** Opening Recorded data block **

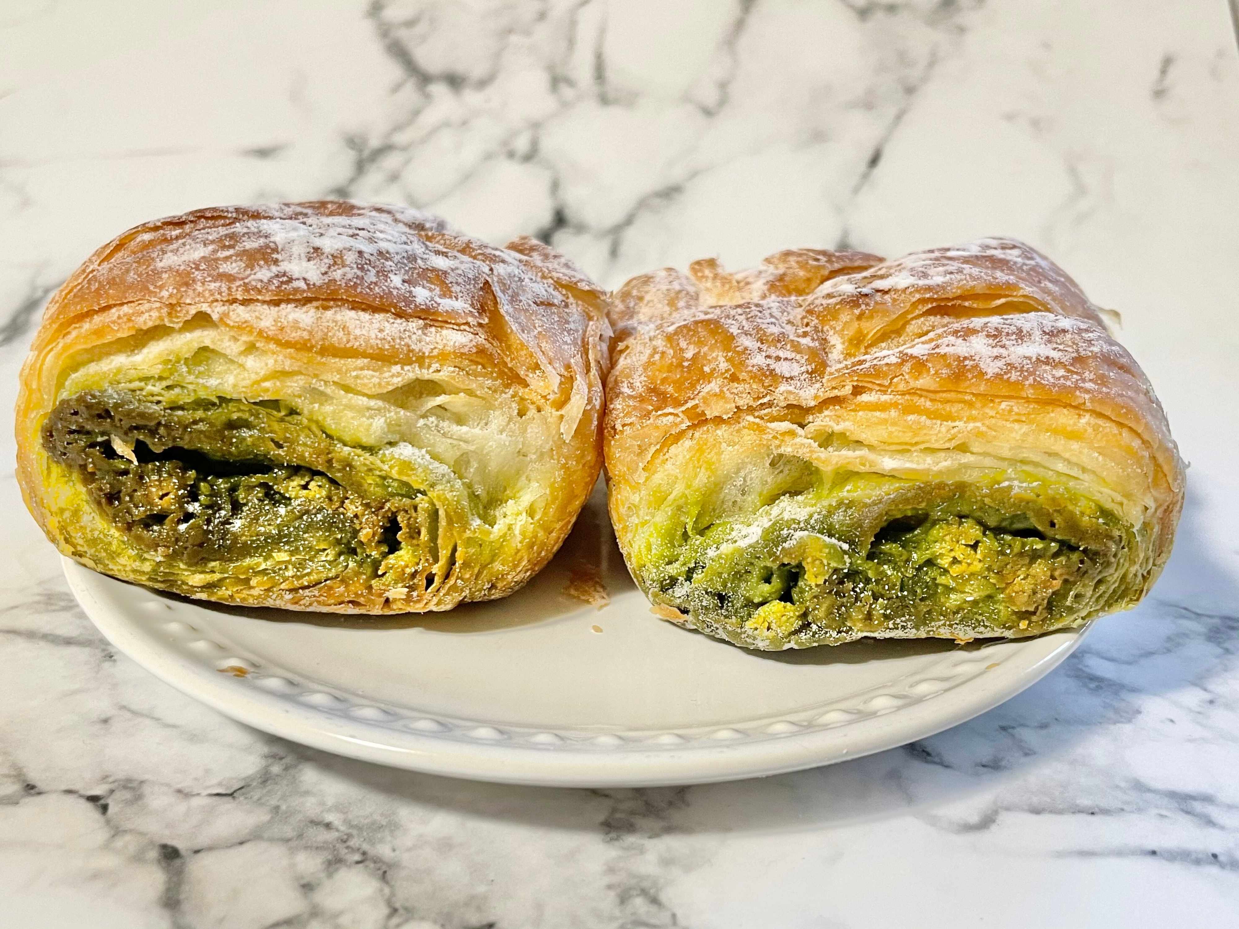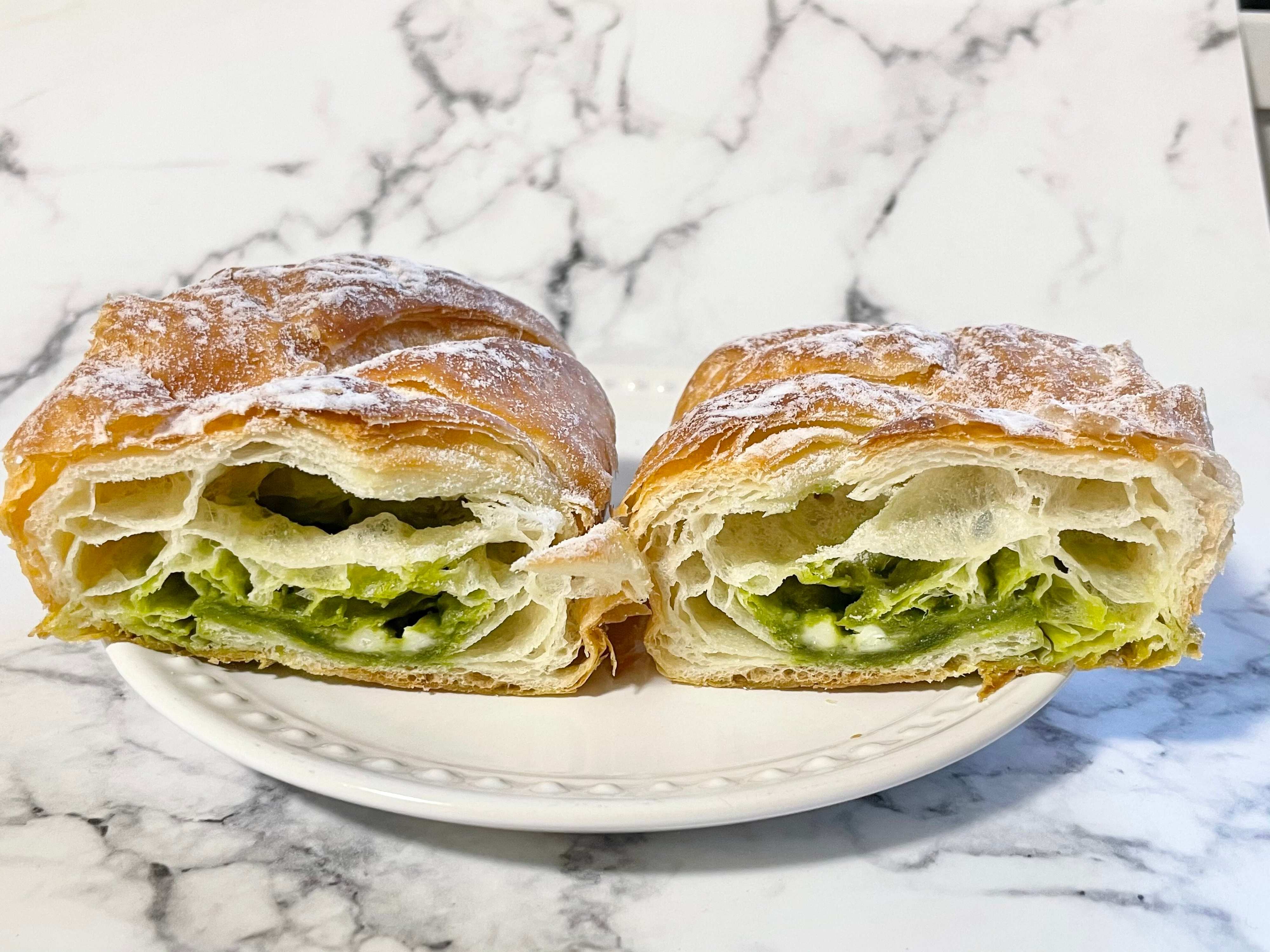 バブカはニューヨークで人気のシナモン香るチョコを巻き込んだデニッシュ。今回は、抹茶フィリングとホワイトチョコチップをデニッシュ生地に巻き込んでいます。
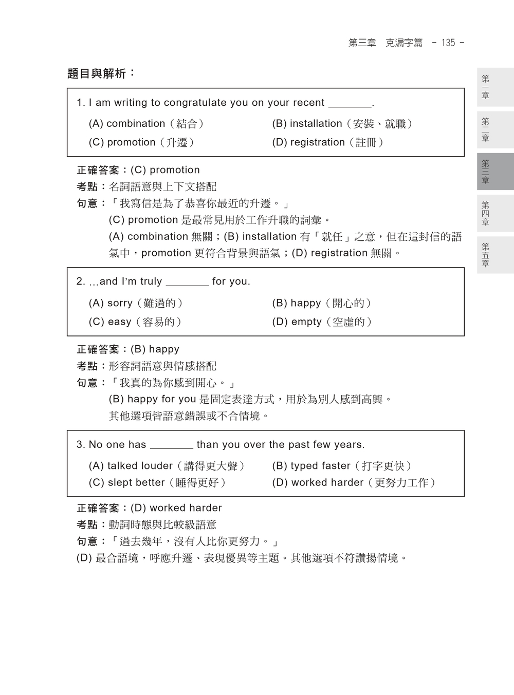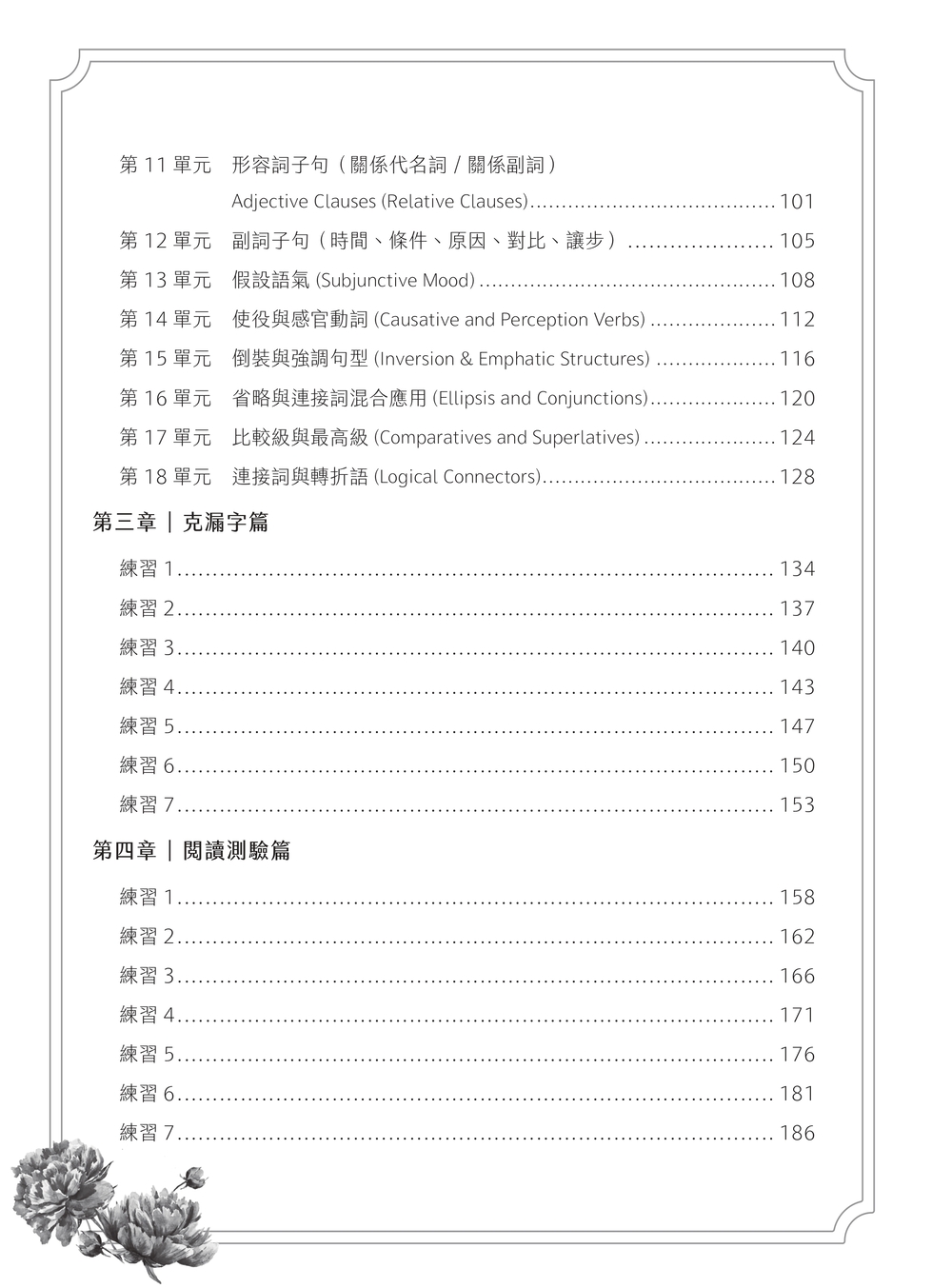 全書共分五章,涵蓋「單字篇」、「文法篇」、「克漏字篇」、「閱讀測驗篇」、「翻譯篇」,循序漸進,從字彙基礎到整合應用,逐步強化語言能力。
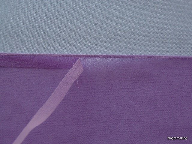 Рассмотрим технологию выполнения московского шва на примере шифона, для наглядности я буду использовать нитки контрастного цвета.
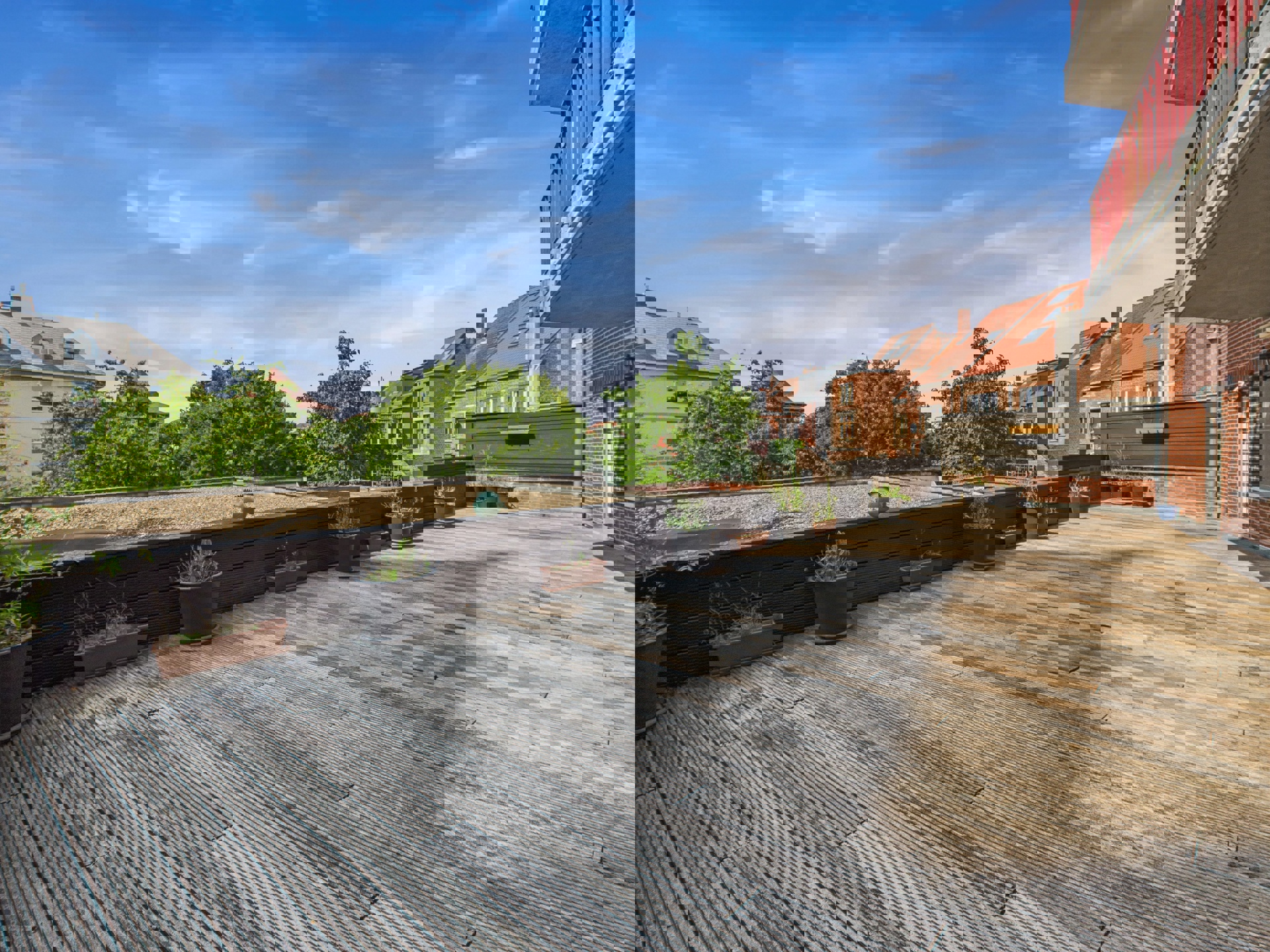 Hall d’entrée avec placards de rangement desservant un très grand séjour lumineux avec vue panoramique sur la Grand-Place, une cuisine équipée avec coin chaufferie, une buanderie séparée, un WC, hall de nuit desservant trois chambres avec placards intégrés et accès direct à la terrasse, spacieuse salle de bain avec baignoire, douche, double lavabo et second WC, une belle terrasse de 60 m².
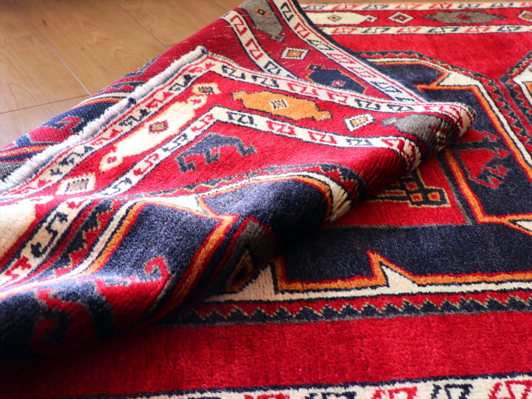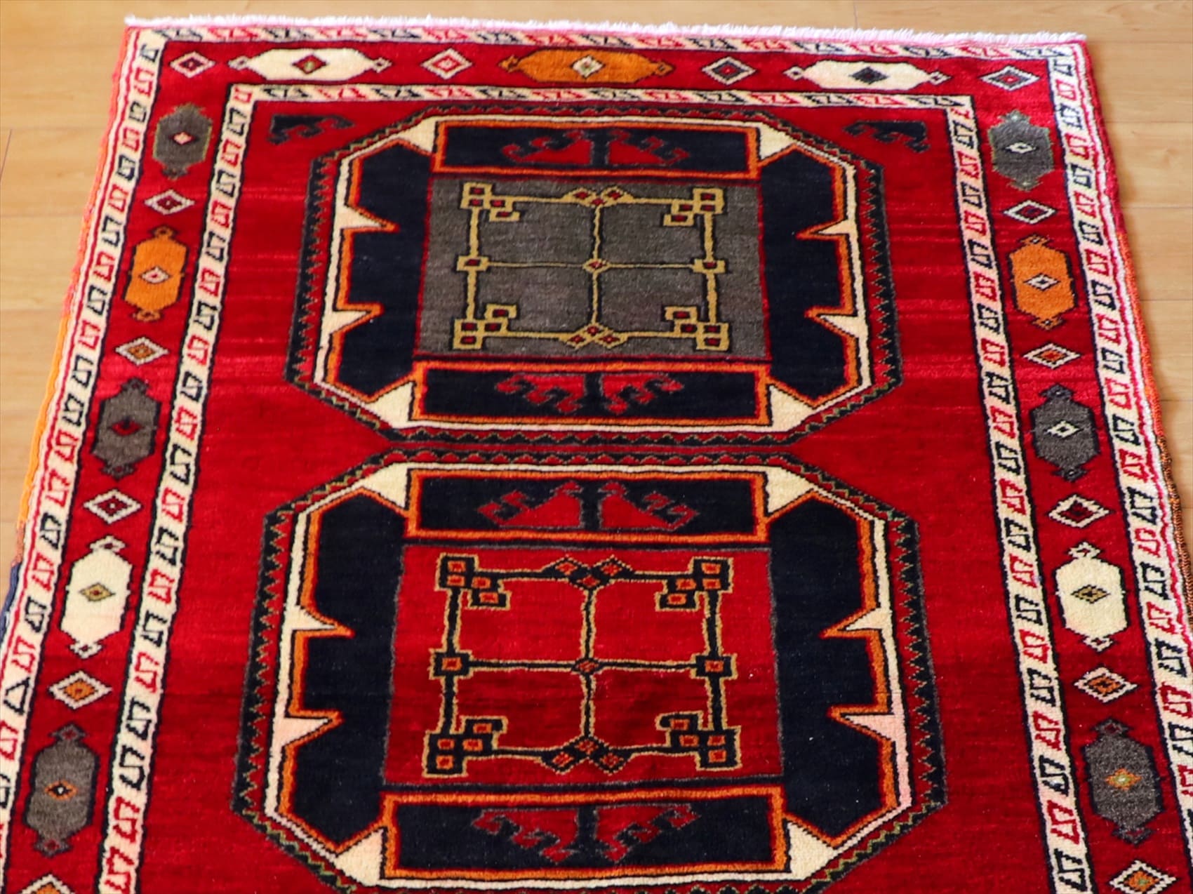 | 深い赤に黒でデザインされた八角形のメダリオンが力強いイメージ。東トルコ、マラテヤ地方で織られたクルド族のラグです。 |
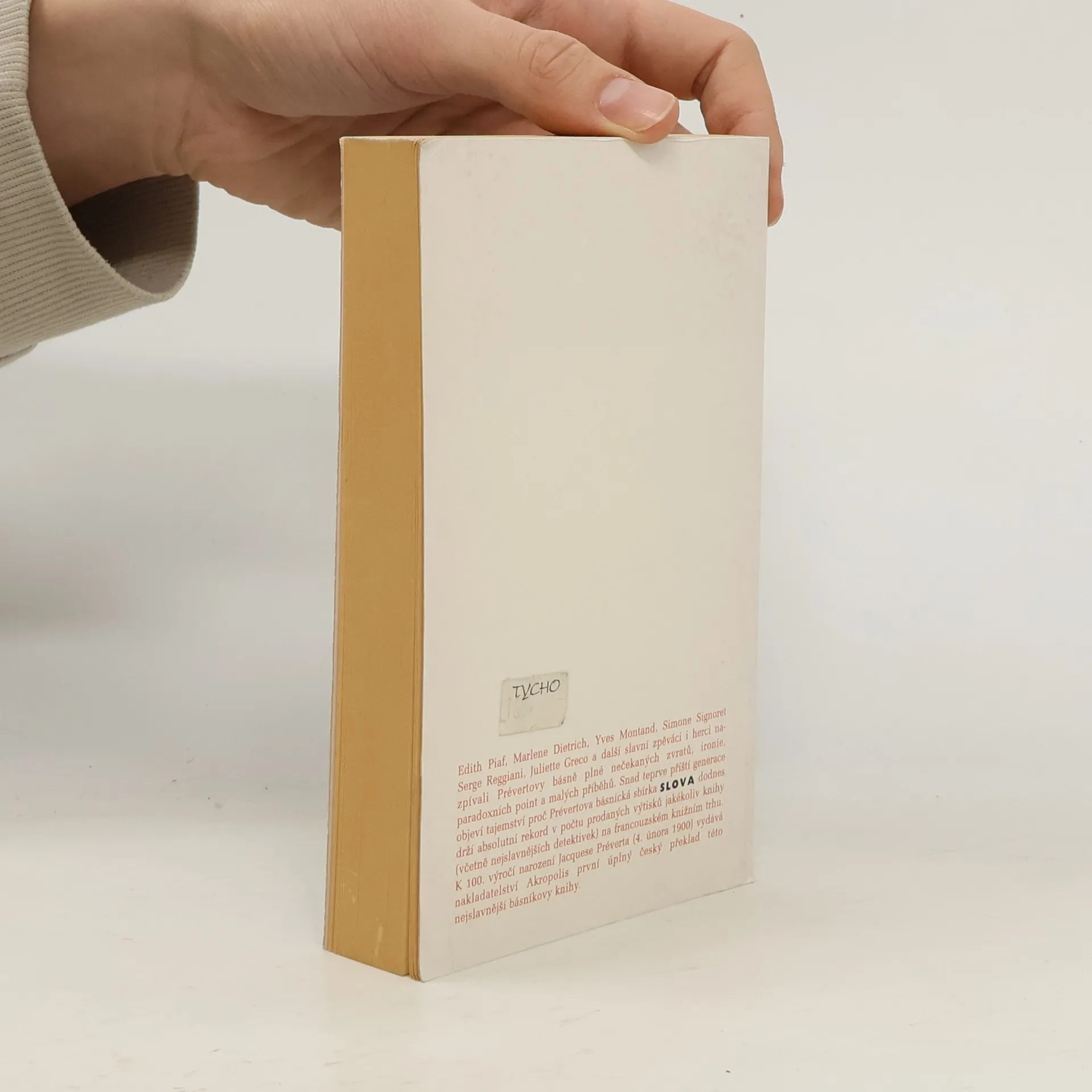 Vůbec první překlad proslulé básnické sbírky populárního francouzského autora do češtiny (doposud z ní u nás vycházely pouze výbory), vydávané ke 100. výročí narození tohoto velkého básníka. Sbírka, která ve Francii vyšla v roce 1945 a od té doby její náklad překročil několik milionů výtisků, vznikala původně jako texty k písním, jako verše určené k předčítání v literárních kabaretech, veršované příběhy do nočních klubů za doprovodu hudby, řada těchto textů zlidověla díky podání známých šansoniérů, jako byli např. E. Piaf, M. Dietrich, Y. Montand, J. Greco aj. Prévertovu legendární sbírku přebásnil Petr Skarlant, který ji také doprovodil zasvěceným komentářem.
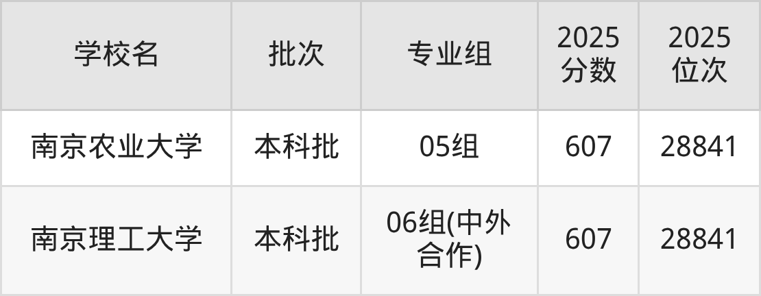 2025年江苏高考物理类607分(27966名~28841名)能上的大学有海军军医大学05组、南京理工大学06组(中外合作)、南京农业大学05组、南京师范大学26组等。
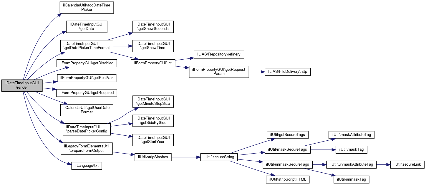 Here is the caller graph for this function:| ilDateTimeInputGUI::render | ( | ) |

** Closing Recorded data block **

> Prompt: Produce the lines from the first line of the entries through the line that contains "全書共分五章,涵蓋「單字篇」", exactly, leaving the pictures behind.

> Response to this exercise:
 バブカはニューヨークで人気のシナモン香るチョコを巻き込んだデニッシュ。今回は、抹茶フィリングとホワイトチョコチップをデニッシュ生地に巻き込んでいます。
 全書共分五章,涵蓋「單字篇」、「文法篇」、「克漏字篇」、「閱讀測驗篇」、「翻譯篇」,循序漸進,從字彙基礎到整合應用,逐步強化語言能力。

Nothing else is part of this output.